[INFORMATION SHOWN Boundary: Start]

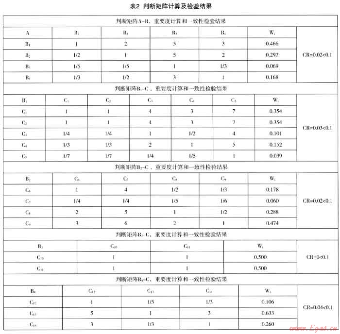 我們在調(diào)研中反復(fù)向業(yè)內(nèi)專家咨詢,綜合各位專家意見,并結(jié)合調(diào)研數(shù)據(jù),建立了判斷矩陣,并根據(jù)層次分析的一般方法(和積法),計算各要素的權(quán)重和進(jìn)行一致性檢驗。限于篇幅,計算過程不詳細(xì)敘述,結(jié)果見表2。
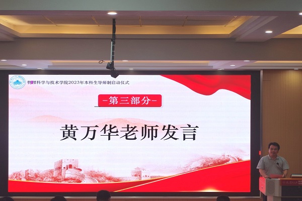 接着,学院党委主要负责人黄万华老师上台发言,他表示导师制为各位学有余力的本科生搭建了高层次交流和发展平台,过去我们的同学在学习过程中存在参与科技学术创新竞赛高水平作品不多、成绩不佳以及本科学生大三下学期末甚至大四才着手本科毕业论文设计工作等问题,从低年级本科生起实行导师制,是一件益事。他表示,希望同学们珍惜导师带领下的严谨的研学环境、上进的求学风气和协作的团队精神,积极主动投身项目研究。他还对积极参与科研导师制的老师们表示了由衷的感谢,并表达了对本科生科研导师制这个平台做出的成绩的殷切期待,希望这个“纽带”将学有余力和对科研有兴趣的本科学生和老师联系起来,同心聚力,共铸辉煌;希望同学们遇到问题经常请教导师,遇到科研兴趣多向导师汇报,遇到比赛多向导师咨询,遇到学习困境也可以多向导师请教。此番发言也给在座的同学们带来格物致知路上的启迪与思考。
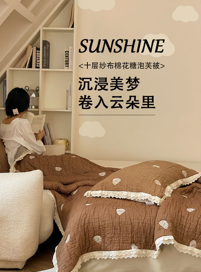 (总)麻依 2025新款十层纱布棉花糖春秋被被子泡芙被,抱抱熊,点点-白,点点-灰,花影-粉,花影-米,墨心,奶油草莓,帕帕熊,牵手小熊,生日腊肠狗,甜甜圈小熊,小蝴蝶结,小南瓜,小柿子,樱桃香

[INFORMATION SHOWN Boundary: End]

Starting at the line that contains "接着,学院党委主要负责人黄万", extract each line through the last line of the material exactly as written, and include no pictures.

ANSWER:
 接着,学院党委主要负责人黄万华老师上台发言,他表示导师制为各位学有余力的本科生搭建了高层次交流和发展平台,过去我们的同学在学习过程中存在参与科技学术创新竞赛高水平作品不多、成绩不佳以及本科学生大三下学期末甚至大四才着手本科毕业论文设计工作等问题,从低年级本科生起实行导师制,是一件益事。他表示,希望同学们珍惜导师带领下的严谨的研学环境、上进的求学风气和协作的团队精神,积极主动投身项目研究。他还对积极参与科研导师制的老师们表示了由衷的感谢,并表达了对本科生科研导师制这个平台做出的成绩的殷切期待,希望这个“纽带”将学有余力和对科研有兴趣的本科学生和老师联系起来,同心聚力,共铸辉煌;希望同学们遇到问题经常请教导师,遇到科研兴趣多向导师汇报,遇到比赛多向导师咨询,遇到学习困境也可以多向导师请教。此番发言也给在座的同学们带来格物致知路上的启迪与思考。
 (总)麻依 2025新款十层纱布棉花糖春秋被被子泡芙被,抱抱熊,点点-白,点点-灰,花影-粉,花影-米,墨心,奶油草莓,帕帕熊,牵手小熊,生日腊肠狗,甜甜圈小熊,小蝴蝶结,小南瓜,小柿子,樱桃香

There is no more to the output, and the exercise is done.